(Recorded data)

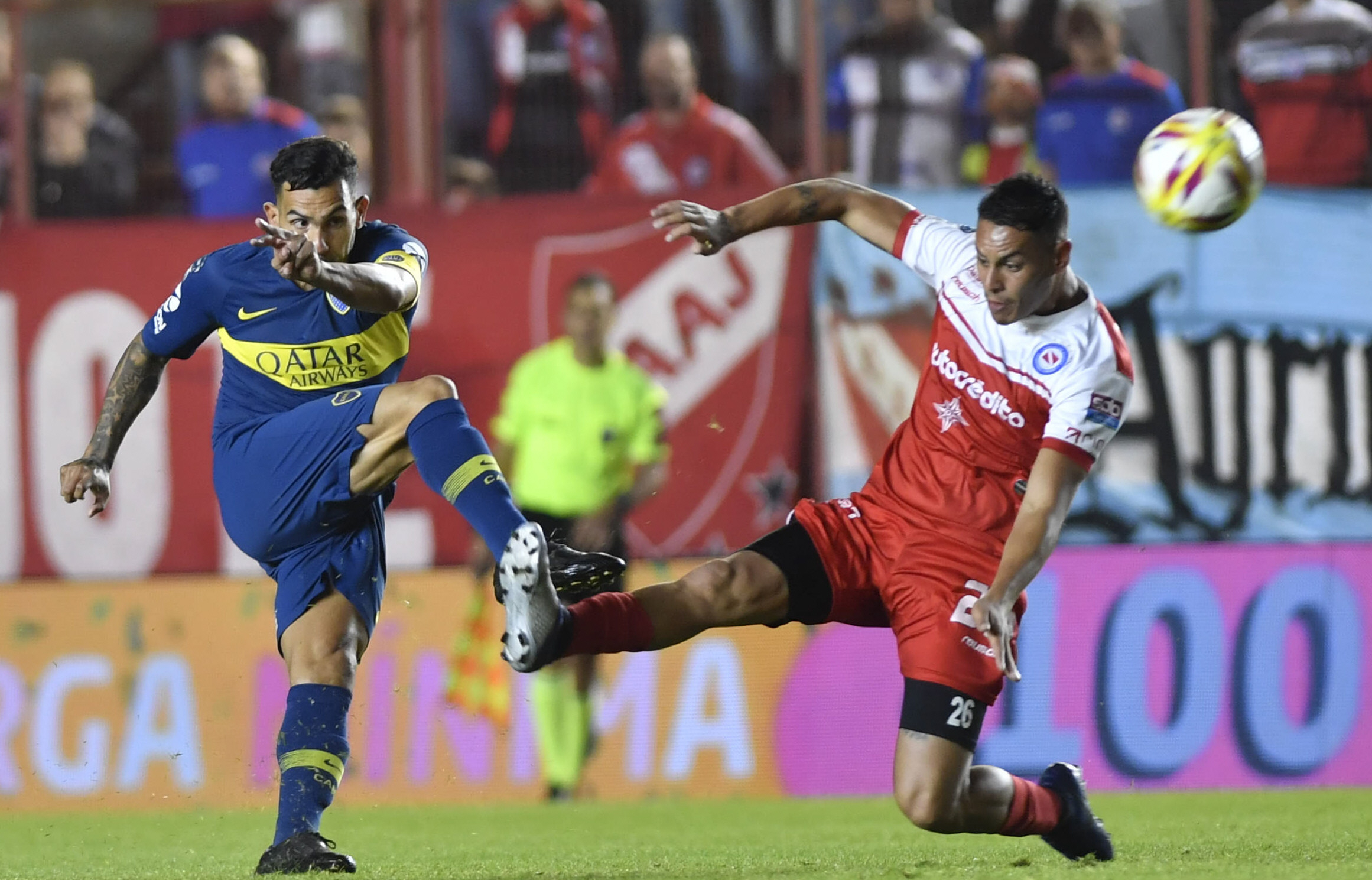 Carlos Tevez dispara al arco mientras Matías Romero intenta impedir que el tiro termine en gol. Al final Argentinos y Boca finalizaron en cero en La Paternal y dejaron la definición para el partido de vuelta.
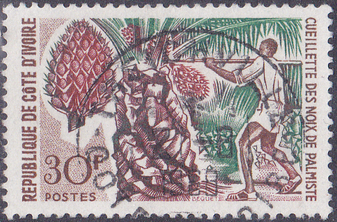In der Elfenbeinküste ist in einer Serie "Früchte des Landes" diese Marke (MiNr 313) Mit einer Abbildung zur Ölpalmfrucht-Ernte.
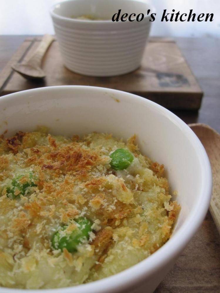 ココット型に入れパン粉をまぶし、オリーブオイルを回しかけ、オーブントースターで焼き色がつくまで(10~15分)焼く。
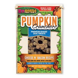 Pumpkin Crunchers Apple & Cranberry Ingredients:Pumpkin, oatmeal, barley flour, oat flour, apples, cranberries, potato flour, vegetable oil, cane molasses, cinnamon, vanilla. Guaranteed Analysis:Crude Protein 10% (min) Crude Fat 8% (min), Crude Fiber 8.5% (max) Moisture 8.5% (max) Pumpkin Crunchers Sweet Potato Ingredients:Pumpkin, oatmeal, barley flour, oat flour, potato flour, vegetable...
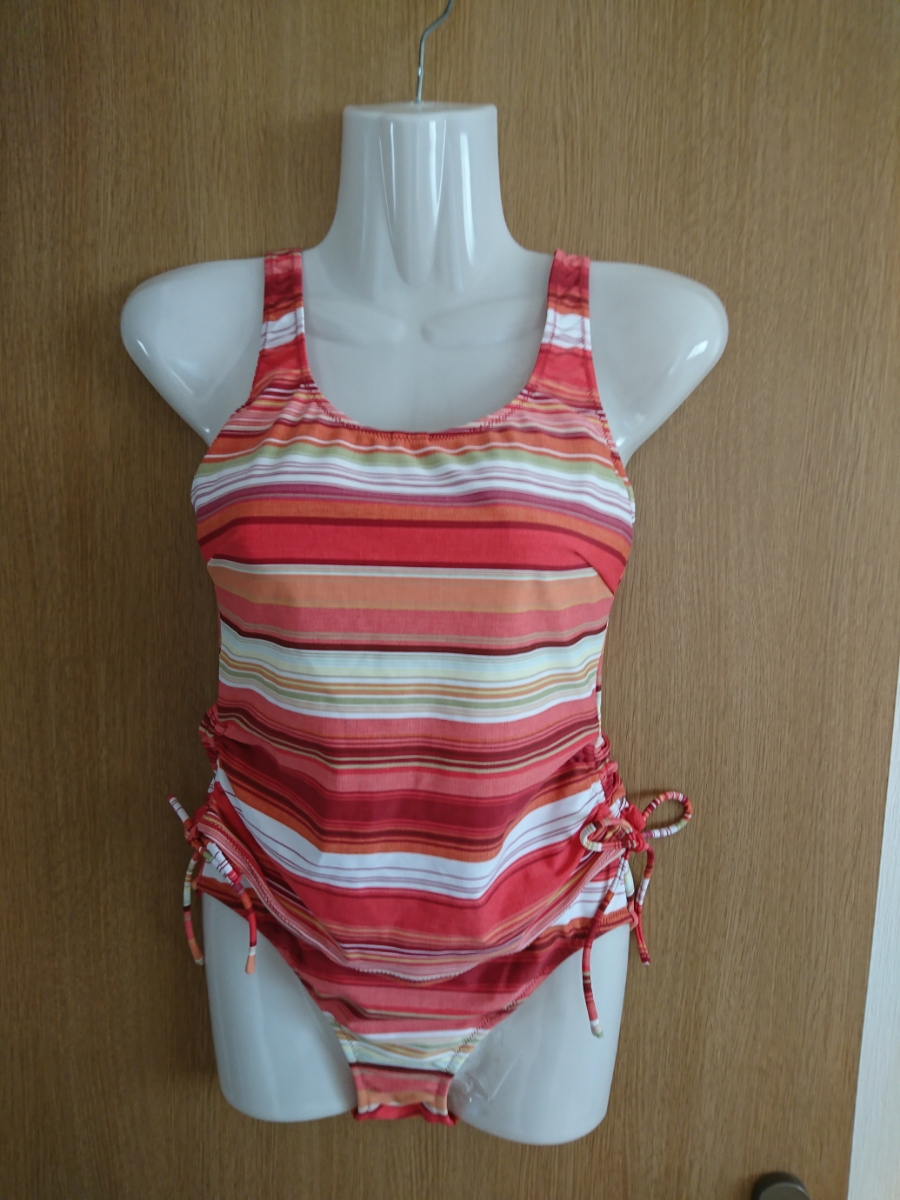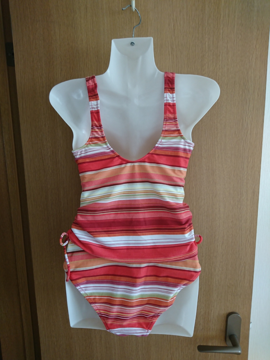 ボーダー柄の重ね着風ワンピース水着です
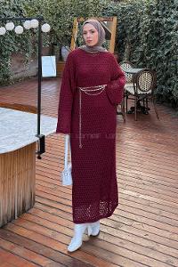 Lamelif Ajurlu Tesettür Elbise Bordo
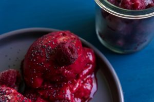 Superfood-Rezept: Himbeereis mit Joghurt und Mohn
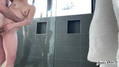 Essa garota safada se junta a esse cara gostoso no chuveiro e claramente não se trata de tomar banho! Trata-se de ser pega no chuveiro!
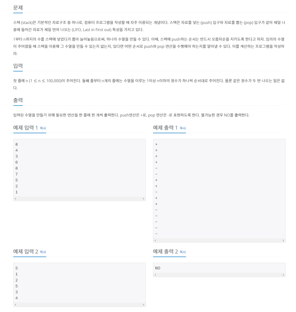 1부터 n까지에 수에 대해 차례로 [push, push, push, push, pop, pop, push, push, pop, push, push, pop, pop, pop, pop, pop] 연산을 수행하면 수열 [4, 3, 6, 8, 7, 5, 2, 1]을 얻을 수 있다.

EXERCISE PROMPT:
Your output should be exactly the lines of the records above from the one with "Lamelif Ajurlu Tesettür Elbise Bordo" through the last, both ends included, with pictures excluded.

YOUR RESPONSE:
 Lamelif Ajurlu Tesettür Elbise Bordo
 Superfood-Rezept: Himbeereis mit Joghurt und Mohn
 Essa garota safada se junta a esse cara gostoso no chuveiro e claramente não se trata de tomar banho! Trata-se de ser pega no chuveiro!
 1부터 n까지에 수에 대해 차례로 [push, push, push, push, pop, pop, push, push, pop, push, push, pop, pop, pop, pop, pop] 연산을 수행하면 수열 [4, 3, 6, 8, 7, 5, 2, 1]을 얻을 수 있다.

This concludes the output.